Tang Lili, Liu Longlong, Jiang Yan, Yuan Yi
School of Computer Science and Artificial Intelligence, Hunan University of Technology, Zhuzhou, 412007, China.
School of Biological Science and Medical Engineering, Hunan University of Technology, Zhuzhou, 412007, China.
Sci Rep. 2025 Aug 26;15(1):31407. doi: 10.1038/s41598-025-16177-0.
Long noncoding RNAs (lncRNAs) are important regulators and promising targets for complex diseases. They have manifested dense relationships with various diseases. Although laboratory techniques have validated many lncRNA-disease associations (LDAs), they are costly, laborious, and time-consuming. This study introduces LDA-GMCB, an LDA inference model, by leveraging graph embedding learning, multi-head self-attention mechanism (MSA) with convolutional neural network (CNN), low-rank singular value decomposition (SVD), and histogram-based gradient boosting (HGBoost).
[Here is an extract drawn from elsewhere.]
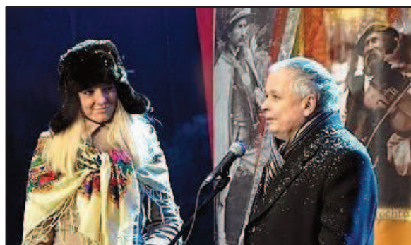
Fig. 12, 13. Opening ceremony of the 9th World Polonia Winter Games in Zakopane (2010), attended by the President of the Republic of Poland, Lech Kaczyński

For all lncRNAs and diseases, LDA-GMCB first deciphers their nonlinear features by incorporating graph embedding learning and MSA with CNN, then captures their linear features through low-rank SVD, and finally infers their relationships based on HGBoost. LDA-GMCB was compared with four baselines (i.e., SDLDA, LDNFSGB, IPCARF and LDA-VGHB) under 5-fold cross validation and two cold start scenarios, and four popular classifiers (i.e., multi-layer perceptron, SVM, random forest, and XGBoost). Additionally, LDA-GMCB implemented ablation study. The outcomes demonstrated that LDA-GMCB greatly surpassed the above models and gained significant improvement on two public databases (i.e., lncRNADisease and MNDR) under most conditions. Moreover, LDA-GMCB was further applied to infer potential lncRNAs for Alzheimer's disease and Parkinson's disease. It identified that DGCR5 and HIF1A could link with the two diseases, respectively. We hope that LDA-GMCB help infer potential lncRNAs for various complex diseases. LDA-GMCB is freely available at https://github.com/smiling199/LDA-GMCB .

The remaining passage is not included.